Investing Goals: Long-term investment goals typically take years or decades to reach and may include retirement and saving for college. Short-term investing goals may take months or a few years. Examples of short-term investing goals can include saving for a vacation, wedding or home improvement.

What is the difference between long-term and short-term financial decisions? ›

Duration: The most evident difference between short and long-term financing is their duration. Short-term loans normally have a repayment duration of year or less, though some might be as short as a few weeks or months. Long-term loans, on the other hand, have a longer repayment period, which might last several years.
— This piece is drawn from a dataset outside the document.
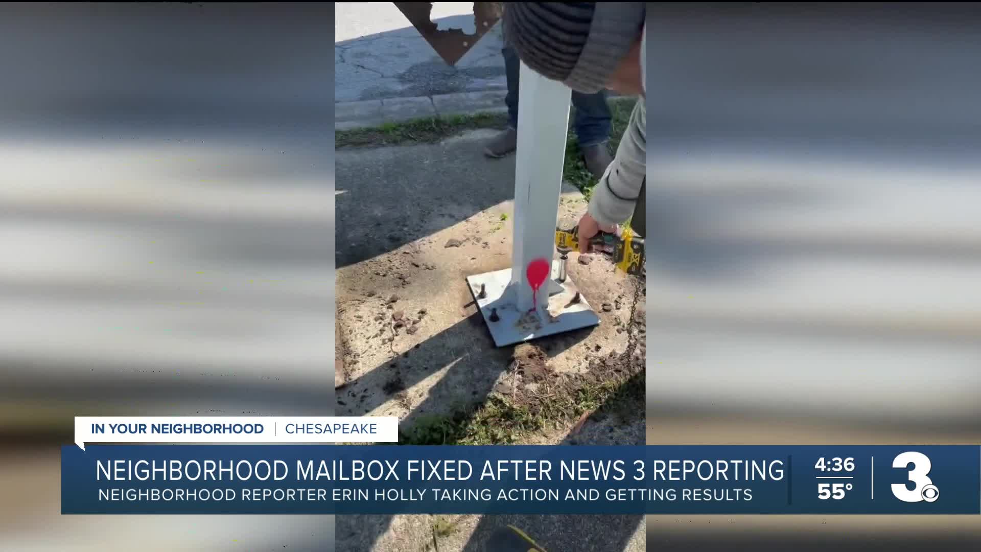 CHESAPEAKE, Va. — Neighbors in the Dominion Pines area of Chesapeake say postal workers told them they saw News 3's previous coverage regarding the damaged community mailbox on Cobblewood Arch and came out Friday to repair it.

What is the difference between long-term and short-term finance decisions? ›

Long-term financing includes equity issued, Corporate bond, Capital notes and so on. Short-term financing includes Commercial papers, Promissory notes, Asset-based loans, Repurchase agreements, letters of credit and so on.

Top Articles
Latest Posts
Article information

Author: Prof. An Powlowski

Last Updated:

Views: 6353

Rating: 4.3 / 5 (44 voted)

Reviews: 83% of readers found this page helpful

Author information

Name: Prof. An Powlowski

Birthday: 1992-09-29

Address: Apt. 994 8891 Orval Hill, Brittnyburgh, AZ 41023-0398

Phone: +26417467956738

Job: District Marketing Strategist

Hobby: Embroidery, Bodybuilding, Motor sports, Amateur radio, Wood carving, Whittling, Air sports

Introduction: My name is Prof. An Powlowski, I am a charming, helpful, attractive, good, graceful, thoughtful, vast person who loves writing and wants to share my knowledge and understanding with you.